Respondent exercised her right to a jury trial for the adjudicative phase of the proceedings, and the jury found that the statutory grounds for jurisdiction alleged in the petition were proven by a preponderance of the evidence. Specifically, the jury found that respondent "when able to do so, neglected or refused to provide proper or necessary support, educational, medical, surgical or other care necessary for [KM's] health or morals." The jury found that KM "was subject to a substantial risk of harm to her mental well-being" and that her home was "an unfit place for her to live by reason of neglect, cruelty, drunkenness, criminality or depravity" on the part of respondent.

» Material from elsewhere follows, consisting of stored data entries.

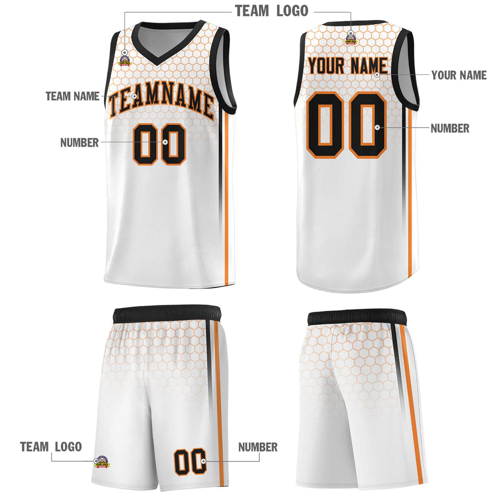 Custom White Personalized Honeycomb Pattern Sports Uniform Basketball Jersey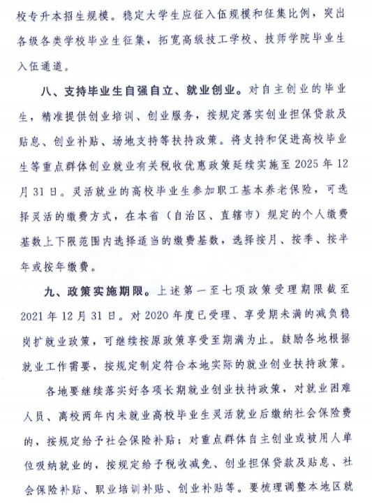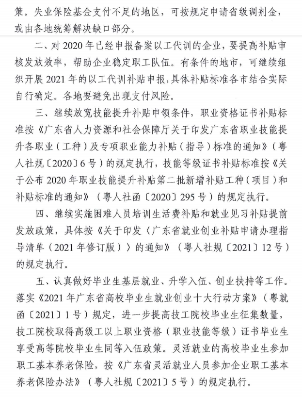 五、认真做好毕业生基本就业、升学入伍、创业扶持等工作。落实《2021年广东省高校毕业生就业创业十大行动方案》(粤就函〔2021〕1号)、《2021年广州市高校毕业生就业创业专项活动方案》(穗就函〔2021〕1号)规定,进一步提高技工院校毕业生征集数量,技工院校取得高级工以上职业资格(职业技能等级)证书毕业生享受高等院校毕业生同等入伍政策。灵活就业的高校毕业生参加职工基本养老保险,按《广东省灵活就业人员参加企业职工基本养老保险办法》(粤人社规〔2021〕5号)的规定执行。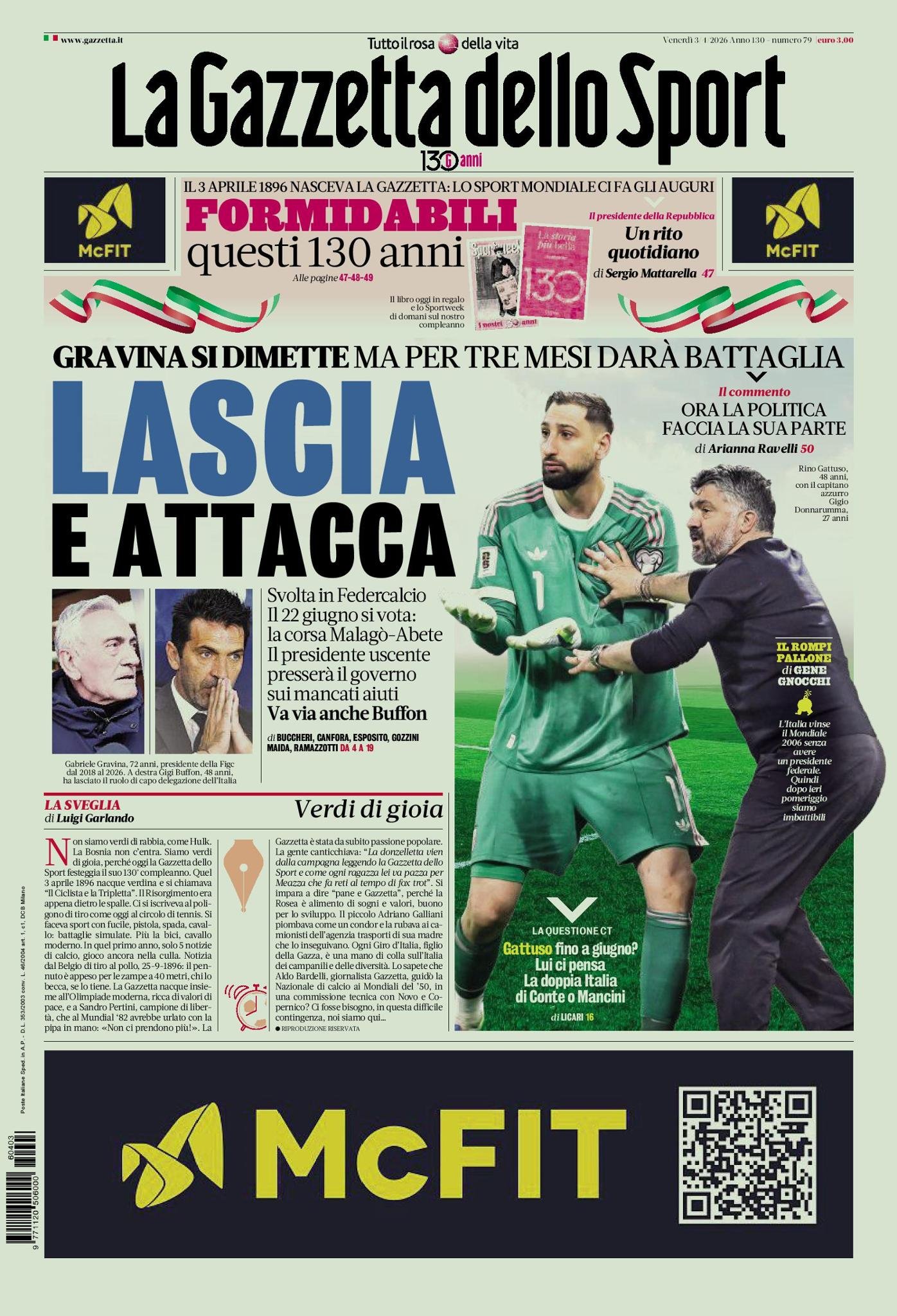 • Le copertine dei quotidiani sportivi in edicola oggi, 3 aprile 2026
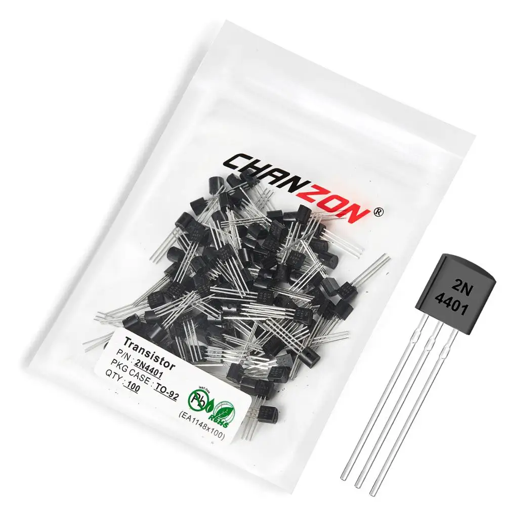 Описание товара: Модель продукта: 2N4401 Посылка чехол: TO-92 Посылка: 100 шт./упак. Ток: 0.6A Напряжение: 40 в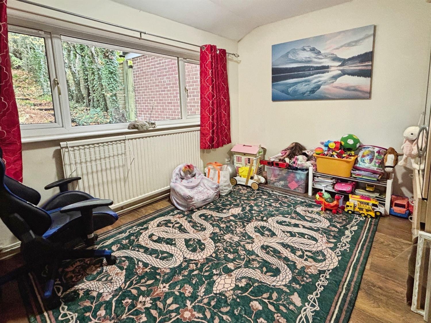 The family bathroom enjoys neutral decoration and is fitted with a shower over the bath, adding to the overall functionality of the home. The property also boasts a garden, providing outdoor space for leisure or gardening activities. A single garage offers secure storage.
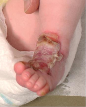 You are called to the hospital nursery to evaluate a healthy full-term newborn boy who developed painful flaccid blisters and erosions on the tops of his feet and ankles shortly after birth. His mother had a history of similar recurrent skin lesions that healed with scarring. She also had oral and gastrointestinal tract involvement. What's the diagnosis?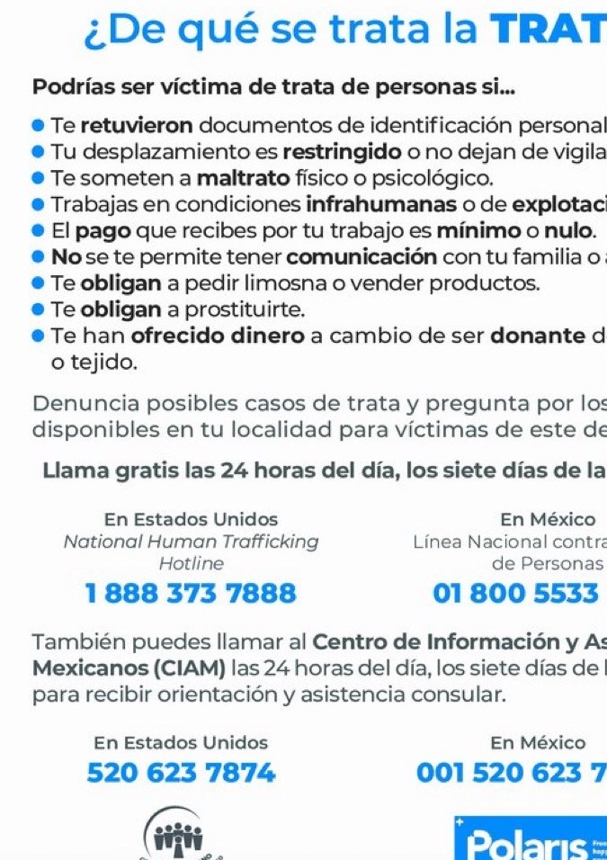 Así que invitó a quienes estén viviendo una situación que no parece normal o sospechan de otra persona que pueda ser víctima de trata, que acudan al Consulado de México en Los Ángeles.

At the initial dispositional hearing, at which respondent failed to appear, the trial court ordered respondent to comply with a service plan that called for respondent to address issues involving mental health, substance abuse, housing, income, parenting, and communication with KM. For example, respondent was expected to participate in psychological evaluations, substance abuse assessments, random drug and alcohol screenings, attend therapy, maintain appropriate housing, and maintain legal and adequate income. It should also be noted that, aside from the instant termination proceedings, respondent and KM's father had been involved in a custody dispute in Genesee County and, in the course of that case, KM's father ultimately received sole legal and physical custody of KM, and respondent's parenting time was suspended.
In October of 2014, a little over ten months after the adjudication trial in this case, petitioner filed a petition seeking termination of respondent's parental rights pursuant to MCL 712A.19b(3)(c)(i), (g), and (j). The trial court determined that clear and convincing evidence had been presented to warrant termination of respondent's parental rights under each of these subsections. The trial court emphasized that respondent had largely failed to comply with her service plan and had not made progress addressing the issues that caused the child to be removed from her care. For instance, respondent had not obtained stable housing, her drug screenings were repeatedly positive for marijuana, she never received a psychiatric evaluation, and she consistently failed to attend appointments. Those working with respondent indicated that she failed to benefit from treatment and that she refused to accept responsibility for her circumstances. The trial court also noted that respondent violated the court order suspending her parenting time when she kidnapped KM from a concert, transported her across state lines to Indiana, allowed her access to marijuana, failed to bring KM's prescription medication for her, and then left her alone in a public park when KM grew sick from a combination of marijuana and respondent's medications. Given these circumstances, the trial court concluded that clear and convincing evidence existed to warrant termination of respondent's parental rights under MCL 712A.19b(3)(c)(i), (g), and (j). Although the trial court recognized KM's bond to respondent, the trial court also concluded that termination was in KM's best interests because respondent was a destructive influence in KM's life, KM was in need of a safe and stable home, and KM did not recognize the danger respondent posed to her. Respondent now appeals as of right the order terminating her parental rights.
On appeal, respondent first argues that the trial court clearly erred by finding that there was clear and convincing evidence to terminate her parental rights pursuant to MCL 712A.19b(3)(c)(i), (g), and (j). In particular, respondent contends that she did comply with her service plan by, for example, attending some therapy sessions, and that she should be given further opportunities for improvement before her rights are terminated. We find these arguments to be without merit.
To terminate parental rights, the trial court must find that at least one of the statutory grounds for termination set forth in MCL 712A.19b has been met by clear and convincing evidence. In re Fried, 266 Mich App 535, 540-541; 702 NW2d 192 (2005). This Court reviews for clear error a trial court's finding of whether a statutory ground for termination has been proven by clear and convincing evidence. MCR 3.977(K); In re JK, 468 Mich 202, 209; 661 NW2d 216 (2003). "A finding of fact is clearly erroneous if the reviewing court has a definite and firm conviction that a mistake has been committed, giving due regard to the trial court's special opportunity to observe the witnesses." In re BZ, 264 Mich App 286, 296-297; 690 NW2d 505 (2004).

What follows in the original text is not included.